Transcript
1-800-Flowers Representative (0:00)
If there's one thing that my family and friends know me for, it's being an amazing gift giver. I owe it all to celebrations passport from 1-800-flowers.com, my one stop shopping site that has amazing gifts for every occasion. With Celebrations Passport, I get free shipping on thousands of amazing gifts and the more gifts I give, the more perks and rewards I earn. To learn more and take your gift giving to the next level, visit 1-800-flowers.com acastra. That's 1-800-flowers. Com acast Ladies and gentlemen, we are.
Airport Announcer (0:32)
Now boarding Group A, please have your boarding passes ready to scan. If your phone is cracked old or was chewed up by your Chihuahua travel companion, please refrain from holding up the line and instead simply go to Verizon and trade in any phone in any condition from one of their top brands. For the new Samsung Galaxy S25 plus with Galaxy AI on Unlimited ultimate and a Watch or Tap. Also on now Service plan required for Watch or Tap. Trade in and additional terms apply secure. See verizon.com for details.

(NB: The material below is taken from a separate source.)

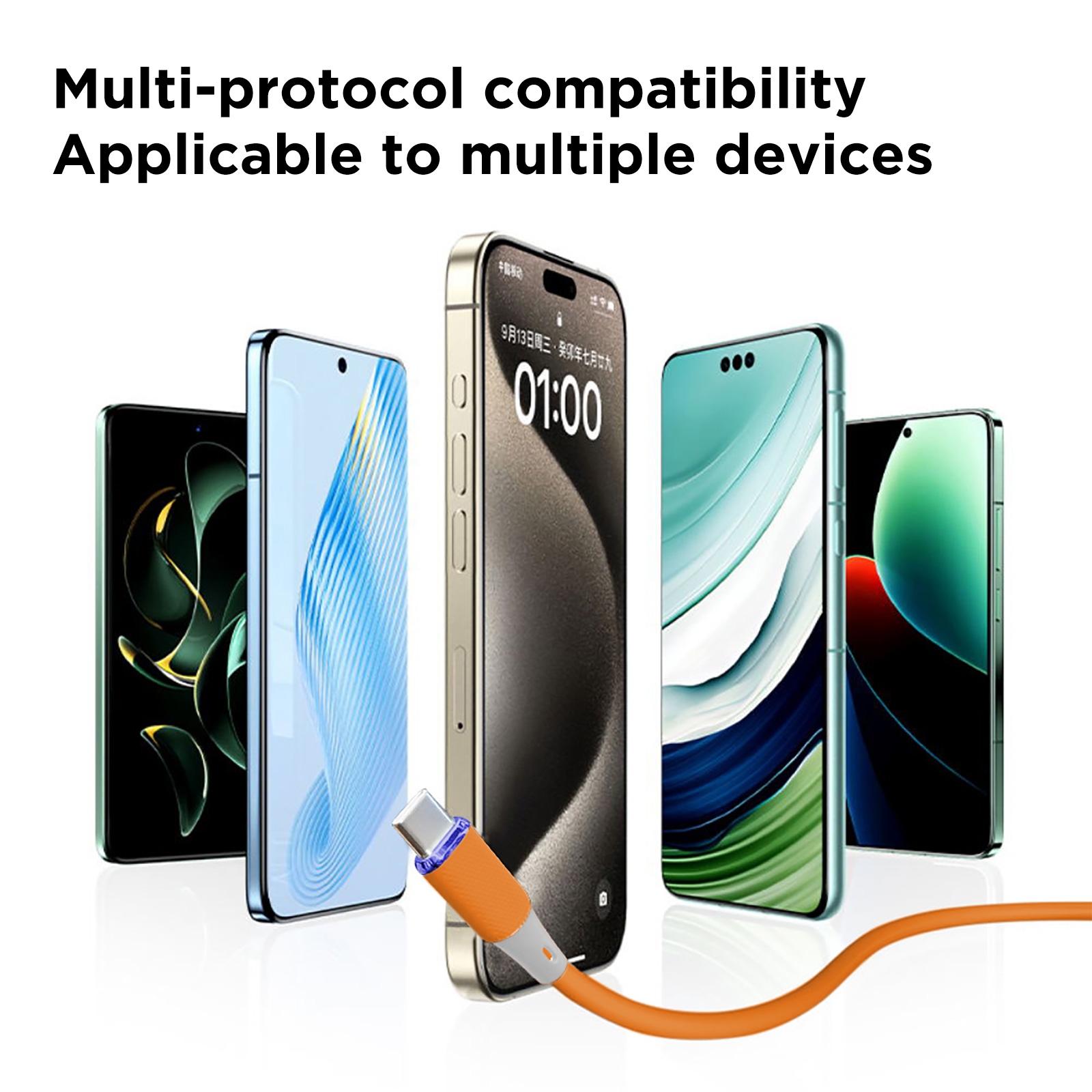 DA-UN-0059-2489OR Silicone C-C 1M Fast Charging Cable - Antioxidant Data Tranamit - Orange (1PCS)

Boost Mobile Representative (1:00)
To get people excited about Boost Mobile's new nationwide 5G network, we're offering unlimited talk, text and data for $25 a month. Forever. Even if you have a baby. Even if your baby has a baby, even if you grow old and wrinkly and you start repeating yourself, even if you start repeating yourself, even if you're on your deathbed and you need to make one last call or text, right? Or text the long lost son you abandoned at birth, you'll still get unlimited talk, text and Data for just $25 a month. With Boost Mobile Forever, after 30 gigabytes, customers may experience slower speeds. Customers will pay $25 a month as long as they remain active on The Boost Unlimited.
Don Wildman (1:34)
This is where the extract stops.